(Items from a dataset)
◆ ◆ ◆ ◆
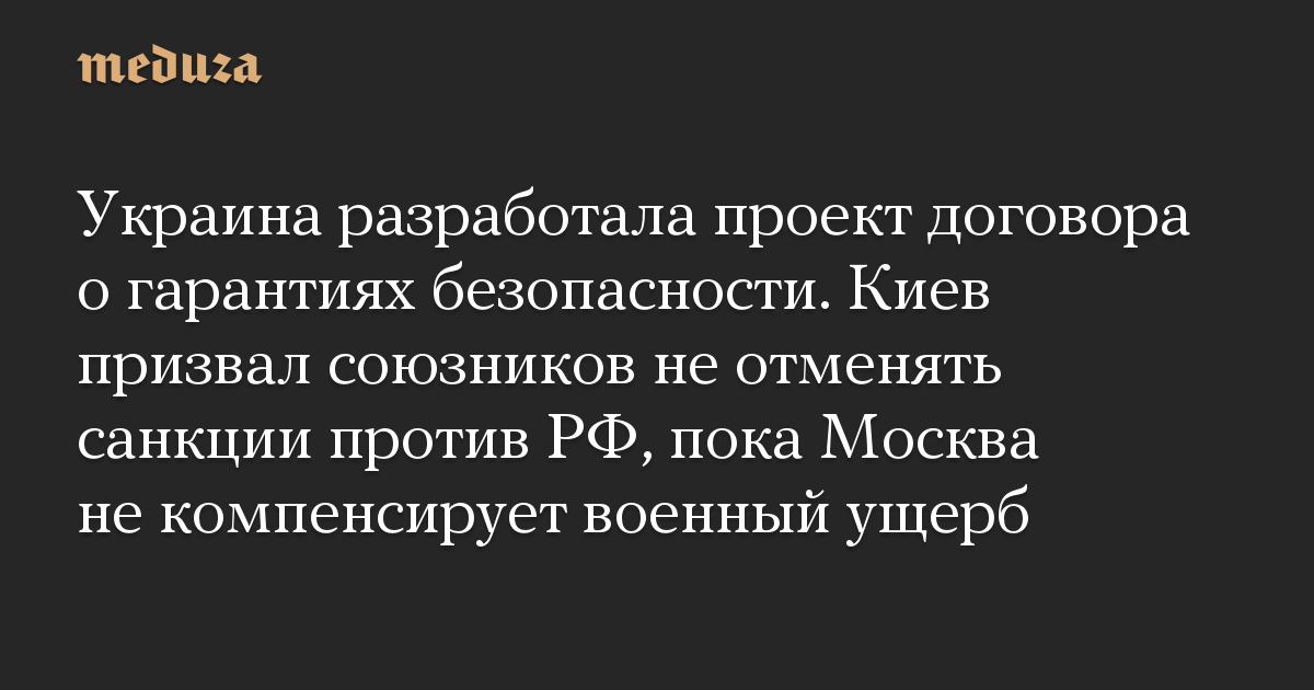 Украина разработала проект договора о гарантиях безопасности. Киев призвал союзников не отменять санкции против РФ, пока Москва не компенсирует военный ущерб
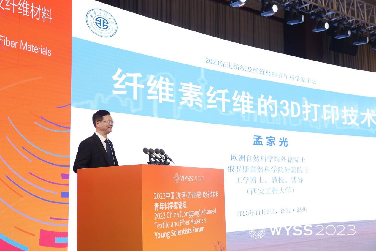 高峰报告会环节西安工程大学教授、俄罗斯自然科学院外籍院士、欧洲自然科学院外籍院士孟家光作了题为“纤维素纤维的3D打印技术研发”的报告,围绕废旧棉织物回收的3D打印技术、改善现有3D打印织物的舒适柔软性和进一步实现更快速的直接3D打印服装等方面进行讲解。
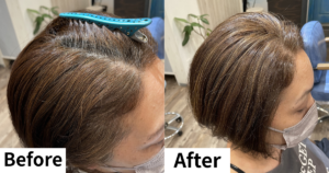 今回のお客様は、自前の白髪を活かして白髪をぼかしたいという50代女性の方です。
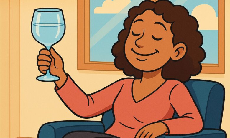 Respirou fundo, pegou o copo de água e, num gesto simbólico, brindou com o ar.
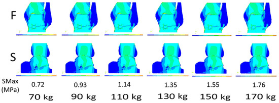 Strain distribution in the in silico 2D finite element modeling (FEM) in the ankle joint with increasing patient body weight. All illustrations present a normal joint without any diseased changes. A standard patient weighing 70 kg was taken as a reference for comparisons. Illustrations are in the frontal (F—upper row) and sagittal (S—lower row) planes; SMax, stress maximum.
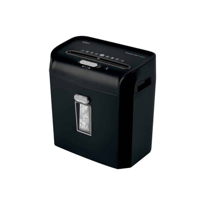 Con una ventana transparente en la papelera para ver cuando está llena. Destruye grapas, clips y tarjetas de crédito. 8 minutos de funcionamiento continuo.
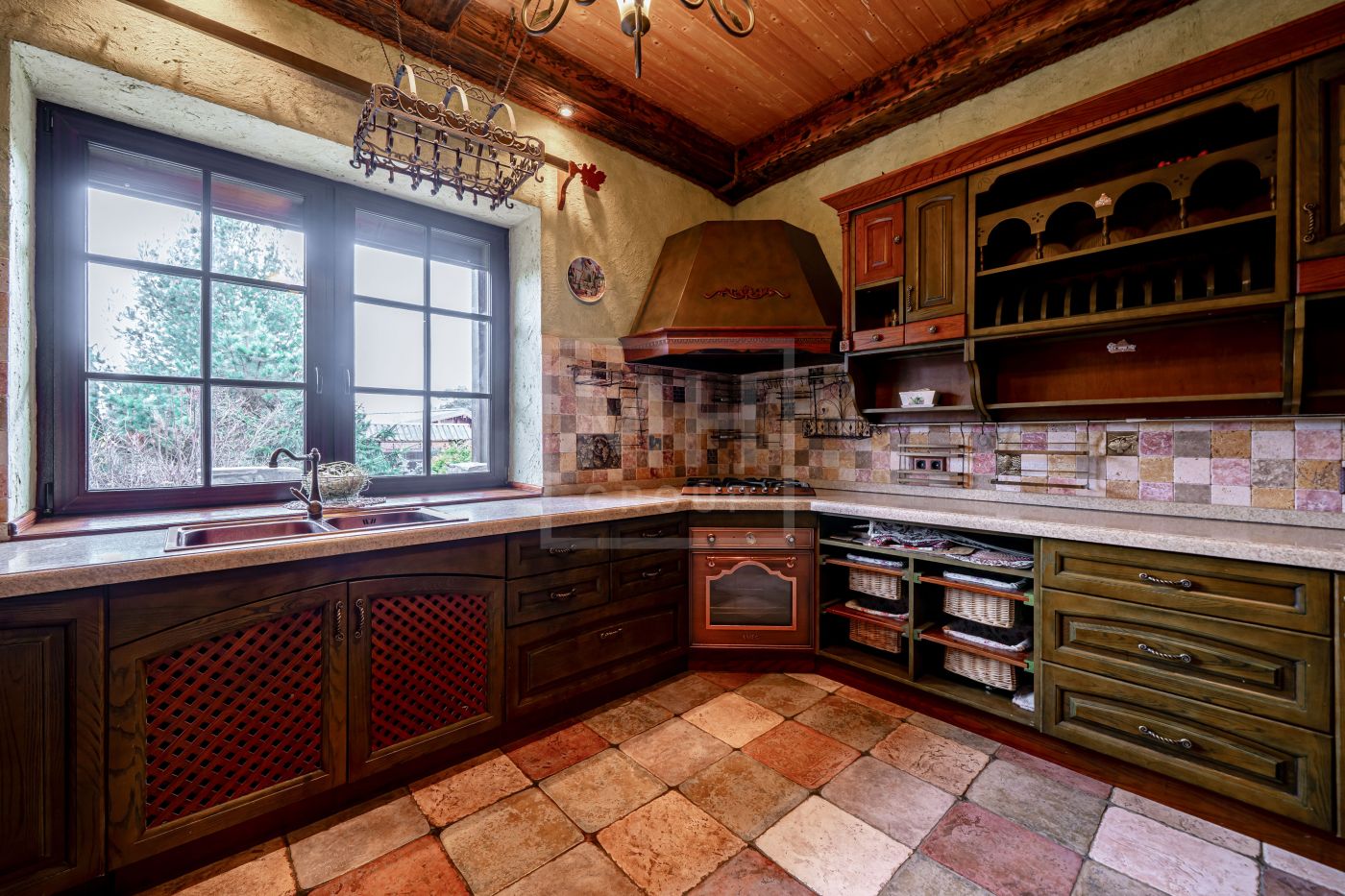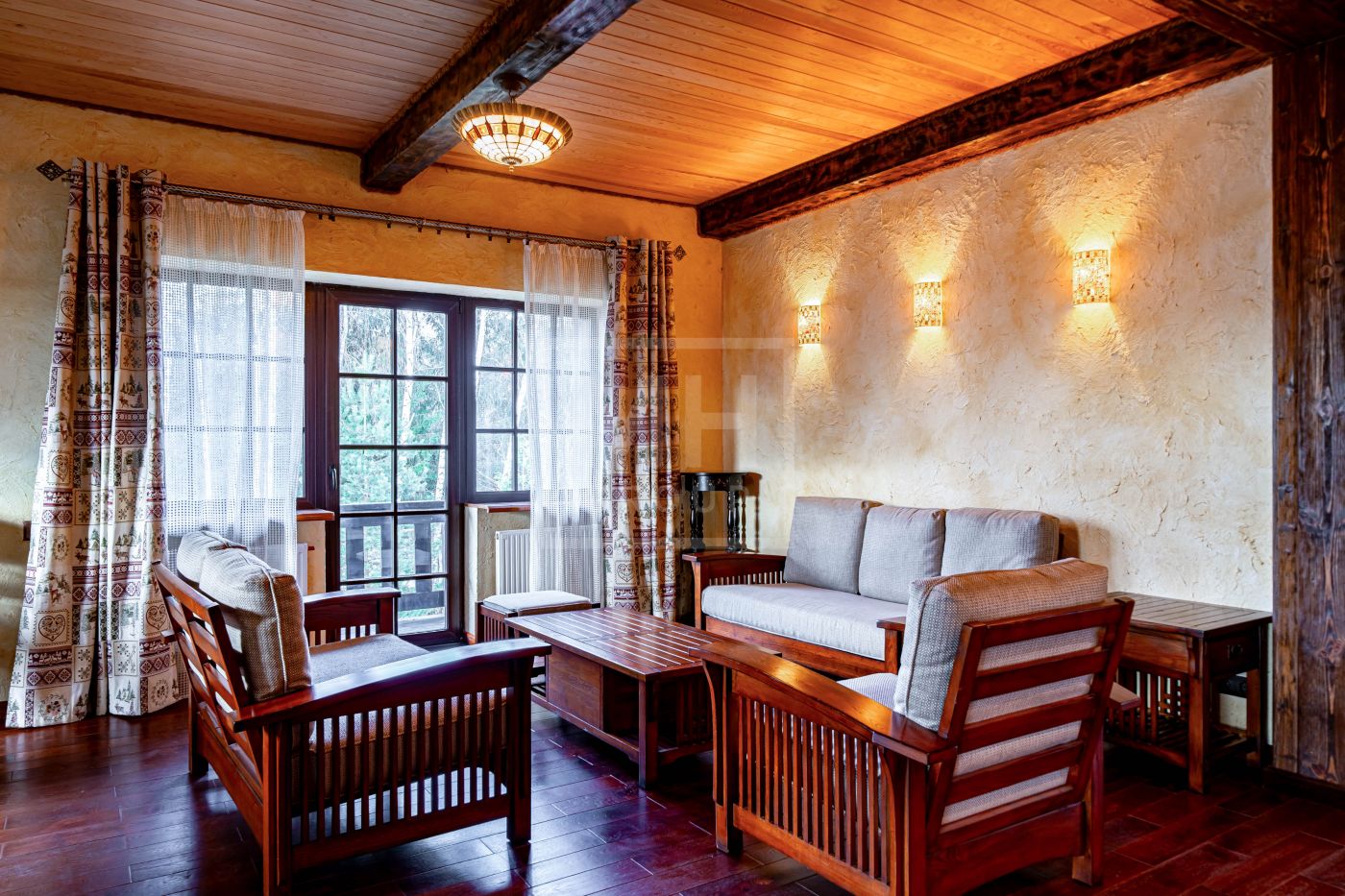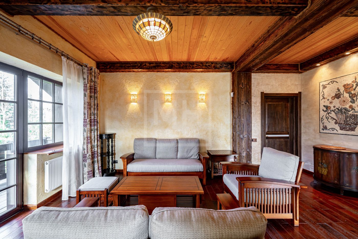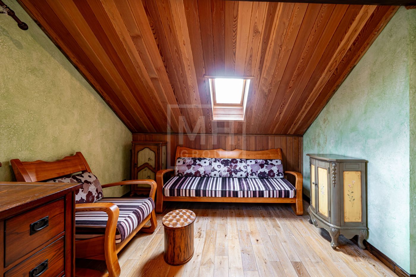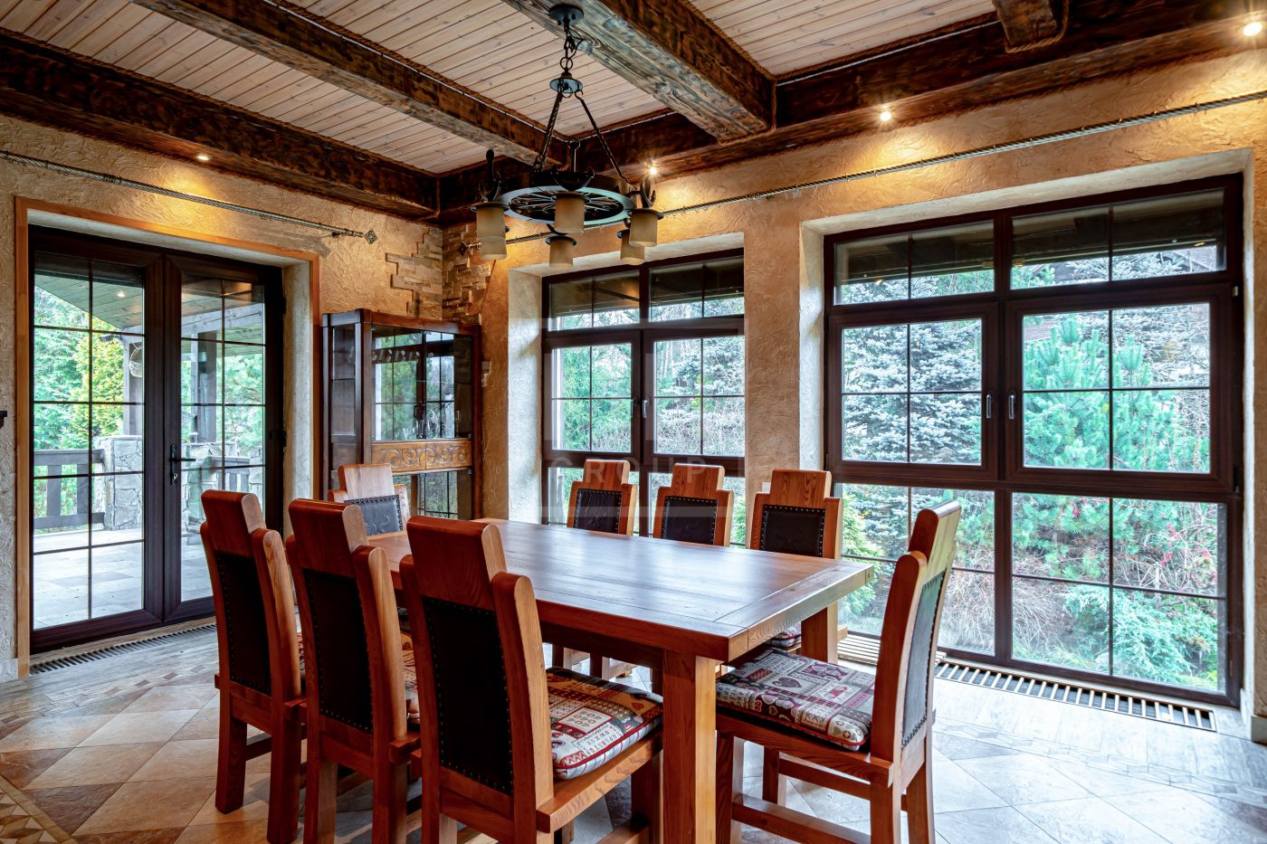Загородный дом в стиле шале расположен в тихом месте на живописном лесном участке в охраняемом посёлке. На участке правильной формы также расположен гараж на два автомобиля с квартирой для гостей или для персонала. В оформлении ландшафта использованы преимущественно хвойные деревья и кустарники, благодаря этому участок прекрасен в любое время года.Планировки дома продуманные и комфортные. Просторные спальни наполнены светом, а пейзажи, открывающиеся из окон дома, завораживают
◆ ◆ ◆ ◆
Exactly the lines from the one with "Strain distribution in" through the end of the entries above must be written out, and no pictures may be included.

▶ _Result_:
 Strain distribution in the in silico 2D finite element modeling (FEM) in the ankle joint with increasing patient body weight. All illustrations present a normal joint without any diseased changes. A standard patient weighing 70 kg was taken as a reference for comparisons. Illustrations are in the frontal (F—upper row) and sagittal (S—lower row) planes; SMax, stress maximum.
 Con una ventana transparente en la papelera para ver cuando está llena. Destruye grapas, clips y tarjetas de crédito. 8 minutos de funcionamiento continuo.
Загородный дом в стиле шале расположен в тихом месте на живописном лесном участке в охраняемом посёлке. На участке правильной формы также расположен гараж на два автомобиля с квартирой для гостей или для персонала. В оформлении ландшафта использованы преимущественно хвойные деревья и кустарники, благодаря этому участок прекрасен в любое время года.Планировки дома продуманные и комфортные. Просторные спальни наполнены светом, а пейзажи, открывающиеся из окон дома, завораживают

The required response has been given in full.